- _Recorded data_:
<<<<

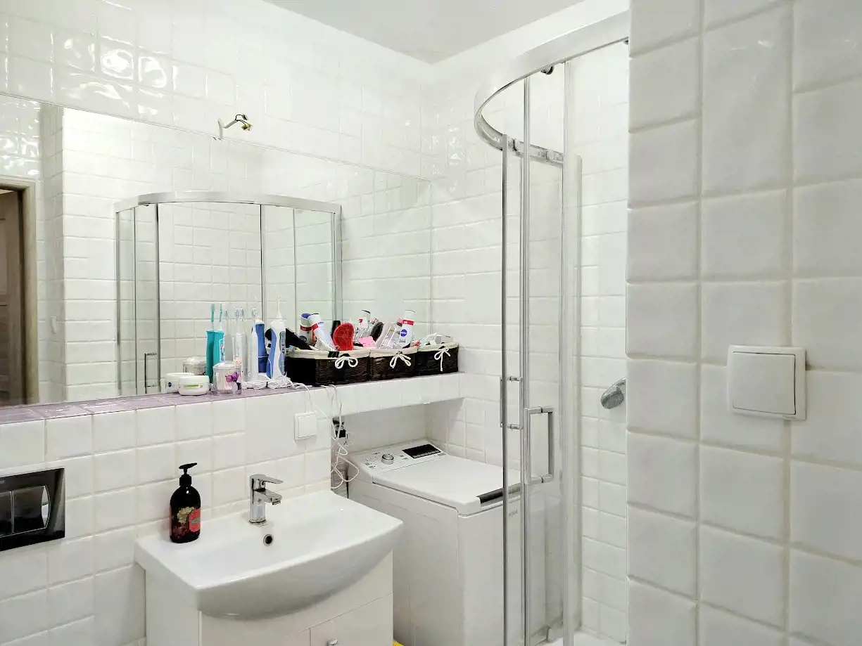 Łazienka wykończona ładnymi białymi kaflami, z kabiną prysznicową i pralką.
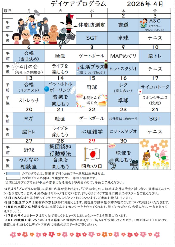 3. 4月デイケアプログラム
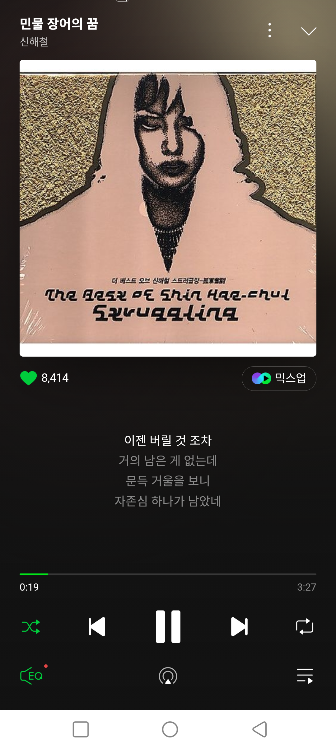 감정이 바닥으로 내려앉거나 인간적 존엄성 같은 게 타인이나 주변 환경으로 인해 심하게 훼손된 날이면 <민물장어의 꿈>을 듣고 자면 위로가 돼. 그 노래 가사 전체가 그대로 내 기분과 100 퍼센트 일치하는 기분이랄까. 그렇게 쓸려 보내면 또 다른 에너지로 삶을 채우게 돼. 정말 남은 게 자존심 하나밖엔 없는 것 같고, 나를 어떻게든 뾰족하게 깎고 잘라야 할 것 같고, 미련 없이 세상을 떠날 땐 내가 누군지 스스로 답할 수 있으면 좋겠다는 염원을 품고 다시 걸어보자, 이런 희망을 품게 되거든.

>>>>

- _What you will do_: Copy every line of the data word for word, omitting the images.

- _Response to this exercise_:
 Łazienka wykończona ładnymi białymi kaflami, z kabiną prysznicową i pralką.
 3. 4月デイケアプログラム
 감정이 바닥으로 내려앉거나 인간적 존엄성 같은 게 타인이나 주변 환경으로 인해 심하게 훼손된 날이면 <민물장어의 꿈>을 듣고 자면 위로가 돼. 그 노래 가사 전체가 그대로 내 기분과 100 퍼센트 일치하는 기분이랄까. 그렇게 쓸려 보내면 또 다른 에너지로 삶을 채우게 돼. 정말 남은 게 자존심 하나밖엔 없는 것 같고, 나를 어떻게든 뾰족하게 깎고 잘라야 할 것 같고, 미련 없이 세상을 떠날 땐 내가 누군지 스스로 답할 수 있으면 좋겠다는 염원을 품고 다시 걸어보자, 이런 희망을 품게 되거든.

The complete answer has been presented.